Viral myocarditis has been proposed to be a triphasic disease:^{37,75,77,81,84} in phase I, the disease is triggered by viral infection in the heart (viral pathology); in phase II, cardiomyocytes are damaged by uncontrolled antiviral immune and/or autoimmune responses that can be generated by molecular mimicry and determinant (or epitope) spreading (immunopathology);⁴⁰ in phase III, as a result of phases I and II, cardiac fibrosis and remodeling lead to dilated cardiomyopathy (Fig. 4).⁸⁵ Depending on pathogens and the host’s genetic background, pathophysiology of viral myocarditis might be different. Some viral infections only cause viral pathology (phase I) with no involvement of acquired immunity (e.g. only phase I in human parvovirus infections and a murine reovirus model, where no immune cell infiltrates in the heart).⁸⁶

Figure 4.

Possible pathomechanisms in the three phases of viral myocarditis. In phase I, viral infection and replication in the heart cause myocardial damage directly (viral pathology). Innate immune responses to the virus play a key role in viral clearance, but might also damage cardiomyocytes. There are no immune cell infiltrates in the heart in phase I. In phase II, antiviral acquired immune responses, including Th1 cell (orange) and Th2 cells (purple), are induced to clear the virus. When antiviral immune responses are uncontrolled, T cells infiltrate in the heart (visualized by immunohistochemistry using anti-CD3 antibody), leading to myocardial damage in a bystander fashion or by generation of heart-specific autoimmunity through determinant (or epitope) spreading from viral antigens to cardiac antigens (immunopathology). In addition, if viral and cardiac antigens share immune epitopes, the “molecular mimicry” also results in immunopathology. When the myocardial damage is severe either in phase I or II, cardiac remodeling and fibrosis (visualized by picrosirius red staining) occur, resulting in dilated cardiomyopathy, regardless of the presence or absence of viral persistence in phase III.
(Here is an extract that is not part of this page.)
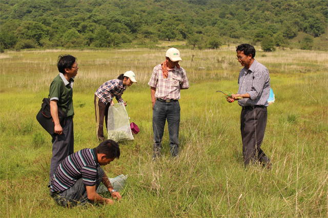 专家组一行,在县畜牧局相关工作人员的陪同下,先后到苏典乡黄草坝、水槽河、平原镇农场轮窑砖厂、勐弄乡、儒林公司肉牛基地和盈达富硒肉牛有限公司,实地查看草山草坡,指导开展牧草种植、农作物秸秆加工等适用技术,调查了解热带和亚热带野生牧草种质资源,并对本地特有牧草进行采样。专家组通过实地调查,深入了解,对盈江草原生态监测和牧草体系建设工作给予了充分肯定。并希望加大宣传力度,创新工作举措,积极引导广大农户,扩大覆盖面,扎实有效推进盈江县草地畜牧业发展。

In human viral myocarditis, the roles of Th subsets remain unclear, partly because only small numbers of immunological studies have been carried out in humans. Endomyocardial biopsies from patients with acute myocarditis and dilated cardiomyopathy showed the presence of several different cardiotropic viruses, and increased markers of Th1 cells, without changes in Th2 and Th17 markers.⁸⁷ In the peripheral blood from viral myocarditis, high levels of Th1 cells were associated with early cardiomyocyte damage, whereas Th2 cells increased during the recovery phase.⁸⁸ Although these findings need to be confirmed by analyses of larger cases, they are consistent with what has been observed in other immune-mediated diseases, where Th1 cells are proinflammatory, and Th2 cells are anti-inflammatory (Table 2).

Table 2.

Possible roles of T helper cell subsets and natural killer T cells in myocarditis

	Th1	Th2	Th17	NKT
Cytokines	IFN-γ	IL-4, IL-10	IL-17	IL-4, IFN-γ
Human cases	Cardiac damage	Recovery	No role	?
CVB model	Protective	Inflammation	Inflammation	No role or Anti-viral
TMEV model	Detrimental	Protective	No role	Protective
Mutant mice†	T-bet Tg	GATA3 Tg	RORγt Tg	Jα18 KO

CVB, coxsackievirus B; IFN, interferon; IL, interleukin; TMEV, Theiler’s murine encephalomyelitis virus.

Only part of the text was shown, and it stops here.